Reader Comments
Post a new comment on this article
Post Your Discussion Comment
Please follow our guidelines for comments and review our competing interests policy. Comments that do not conform to our guidelines will be promptly removed and the user account disabled. The following must be avoided:
- Remarks that could be interpreted as allegations of misconduct
- Unsupported assertions or statements
- Inflammatory or insulting language
Thank You!
Thank you for taking the time to flag this posting; we review flagged postings on a regular basis.
closeA methodological flaw and two errors
Posted by LeNormand on 10 Sep 2012 at 12:14 GMT
Your paper has a serious flow that results in two significant sources of error.
While using a linear regression is a fine way to show some linear correlation, it is done under a few basic assumptions on the result, and if those assumptions happen not to be met, the whole analysis is invalidated (which is unfortunately what happens here).
Those assumptions are:
• Normality of the errors.
• Independence of the errors distribution vs prediction.
• Linearity of the relationships.
While your paper don’t give a lot of data to judge on the third, the graph you attached (Figure 1) is enough to reject your linear regression on the basis of the first two:
• The errors are very obviously not normal, as they show much less variation on the “right” than on the “left”, with a worst left hand variation of -0.8 sigma. (the likelihood of having 67 point and none below -1 sigma is less than 0.001%).
• The errors are not independent from prediction: between -10% and +10% of your indicator (belief… - belief …) the standard deviation is of approximately 0.3 sigma (that is 0.3 the deviation of the lot, and I would judge about one fifth of the variation of the subset with an indicator of more than +10%. (this issue is named heteroscedasticity and it’s a classical reason for invalidating the result of any sort of regressions – linear or not, with assumed Gaussian errors or not).

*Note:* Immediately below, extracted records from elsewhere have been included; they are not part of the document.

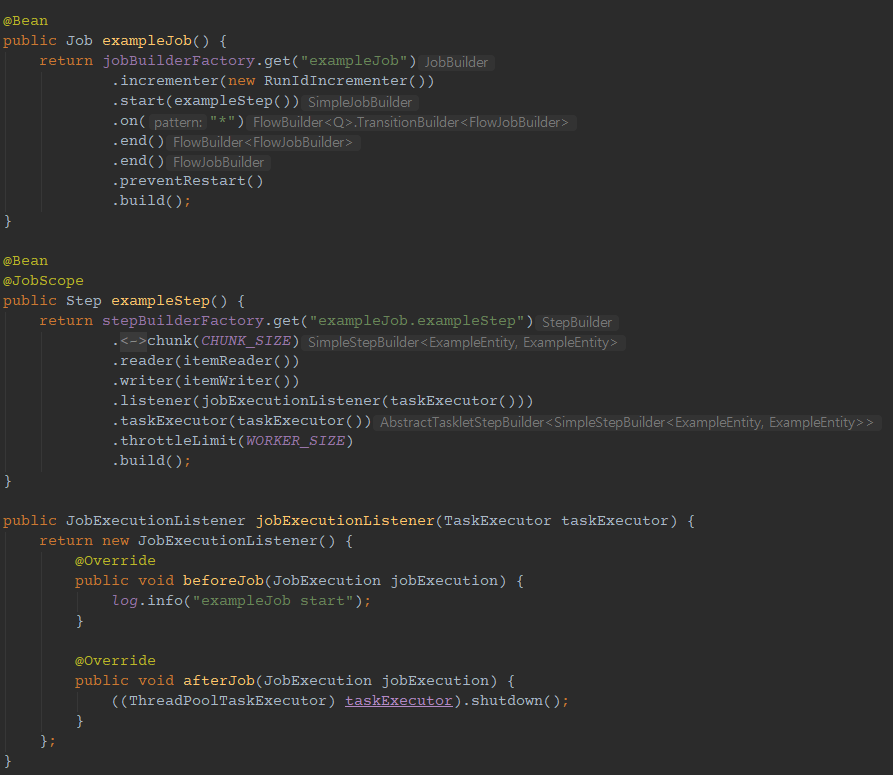 따라서, Connection Pool Resource와 Thread Worker 만 충분하다면, 하나의 Chunk가 단일 워커의 Reader-Processor-Writer 구조가 아닌,하나의 Reader가 CHUNK_SIZE 이하 혹은 그만큼 가져온 itemList 를 여러 Worker 의 Processor-Writer 구조로 처리 될 수 있는 것 입니다.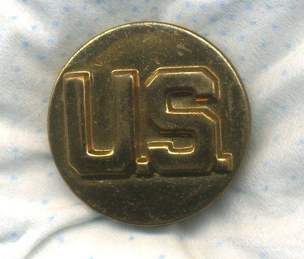Collar insignia - round brass button - "U.S." with double clutch back; 1" diameter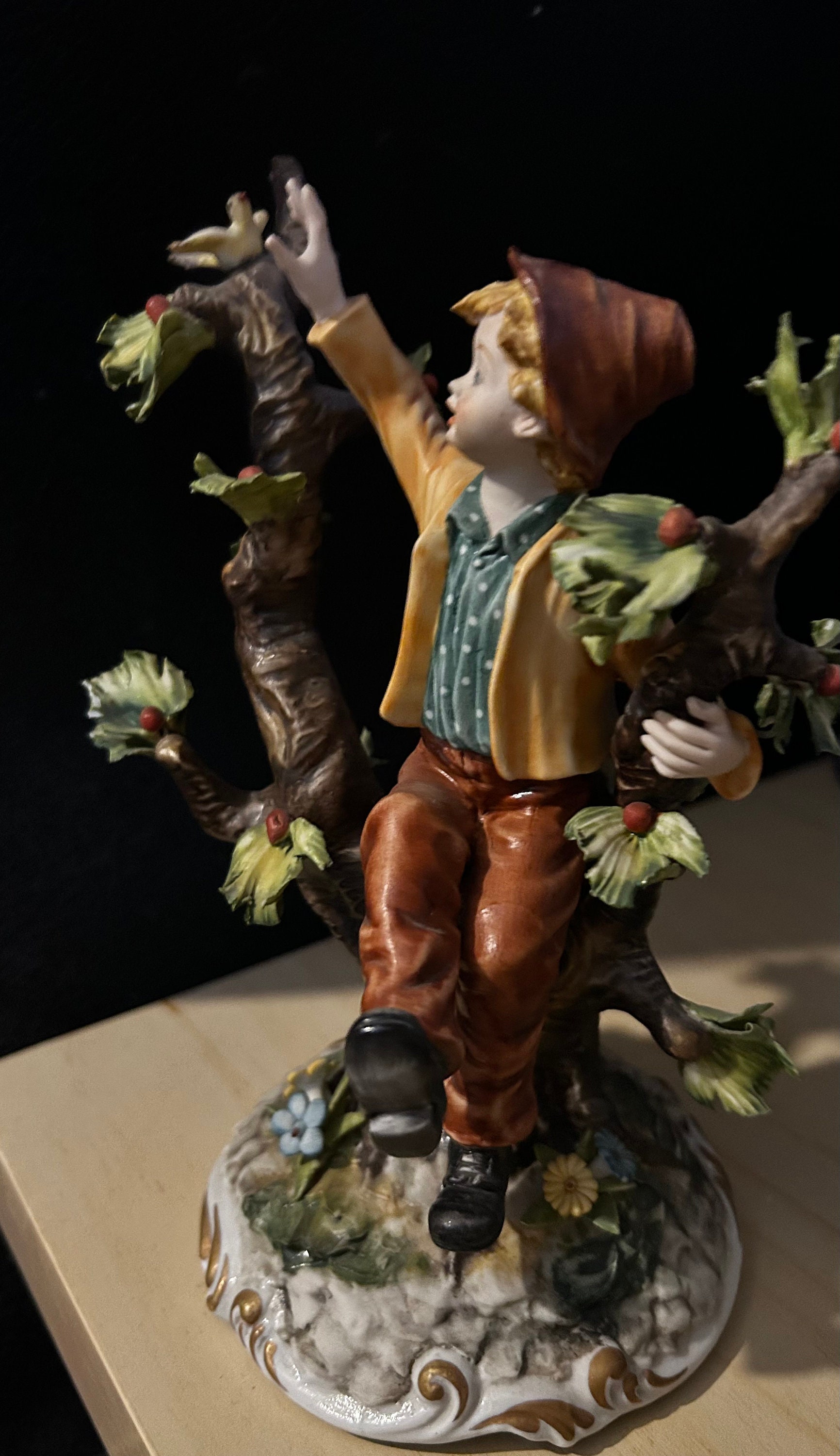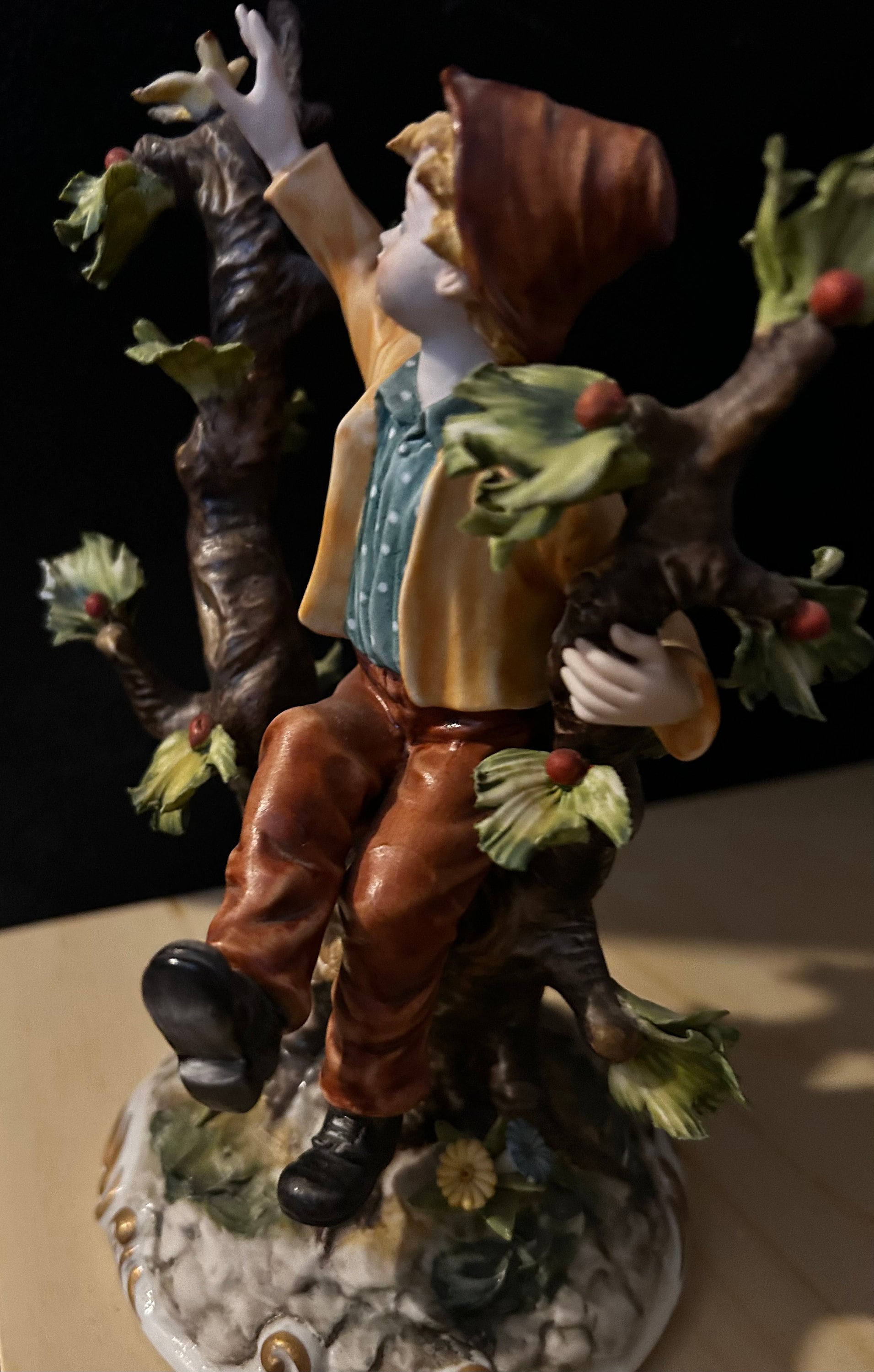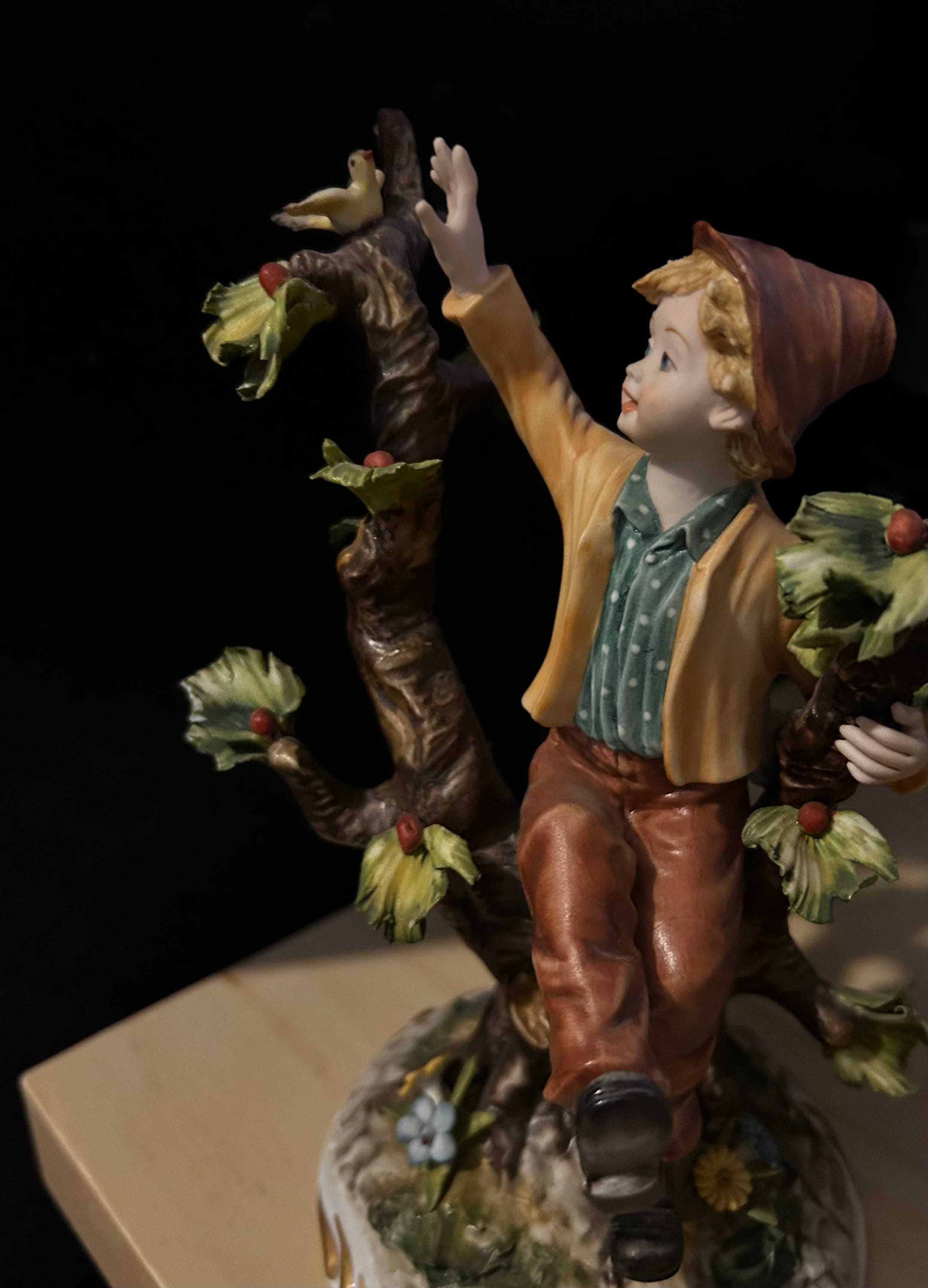 This fine piece of porcelain, Vintage Large Italian Porcelain Figurine of Young Man sitting on apple tree branch, by Capodimonte

Those two errors are each enough (both on quality and in quantity, when we see they are so large as to be eye-spotted simply on a single graph of a very small subset of data of your analysis (it may well be as well that the part of the linear regression that implies the Z-spread is just as flawed) that they completely invalidate the results.
From a qualitative point of view, you seem to be comparing apple and pears, namely two subset, one comprising mostly those with a score of less than 10% and one comprising most of the rest (and presumably a few of the smaller scores).
The first sample has a very low variation in your predicted Z-score while the other one has a huge one.
It might well be that this constitutes a result (admittedly a very small one) that you can discriminate #### types of countries (your work to understand what ### stands for, not mine) by such a criterion as you have shown here.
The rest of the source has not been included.